When Spies and Crime-Fighters Squabble Over How They Spy On You
The Washington Post reports in a short article on the sometimes strange, sometimes strained relationship between spy agencies like the NSA and CIA and law enforcement (as well as judges and prosecutors) when it comes to evidence gathered using technology or techniques that the spy agencies would rather not disclose at all, never mind explain in detail. They may both be arms of the U.S. government, but the spy agencies and the law enforcers covet different outcomes. From the article:
[S]sometimes it's not just the tool that is classified, but the existence itself of the capability — the idea that a certain type of communication can be wiretapped — that is secret.
One former senior federal prosecutor said he knew of at least two instances where surveillance tools that the FBI criminal investigators wanted to use "got formally classified in a big hurry" to forestall the risk that the technique would be revealed in a criminal trial. "People on the national security side got incredibly wound up about it," said the former official, who like others interviewed on the issue spoke on condition of anonymity because of the topic’s sensitivity. "The bottom line is: Toys get taken away and put on a very, very high shelf. Only people in the intelligence community can use them." ... The DEA in particular was concerned that if it came up with a capability, the National Security Agency or CIA would rush to classify it, said a former Justice Department official.
Just like I'll never admit what Slashdot account I'm using to farm karma with!
What's the deal with the double esses on "ssometimes" in the ssummary and excerpt?
Yay for serpentspeak!
They have no real oversight anymore, by design. Only between eachother is there any contention. What is legal no longer matters.
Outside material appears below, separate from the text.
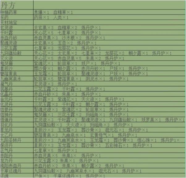 | 药田 | 息壤×1神木×2玄石×1人类×1 |

Stingray cell phone intercepts, for starters.
The list goes on into the infinite darkness your taxes pay for and for which your laws were expressly written to never allow.
What they fear isn't the criminals finding out about it...
Woe to him who gets evil gain for his house To put his nest on high, To be delivered from the hand of calamity! You have devised a shameful thing for your house By cutting off many peoples; So you are sinning against yourself. Surely the stone will cry out from the wall, And the rafter will answer it from the framework.
Habakkuk 2:9-11
I remember that after 9/11, one of he big focuses of the Federal government was to get all of the various intelligence and law enforcement agencies - specifically the FBI and CIA - to work together and share intelligence. The fact that they weren't working together was one of the factors that contributed to the 9/11 hijackers being able to pull off their plot. This is the entire reason that the Department of Homeland Security was created, to bring all intelligence about threats to the United States under one body.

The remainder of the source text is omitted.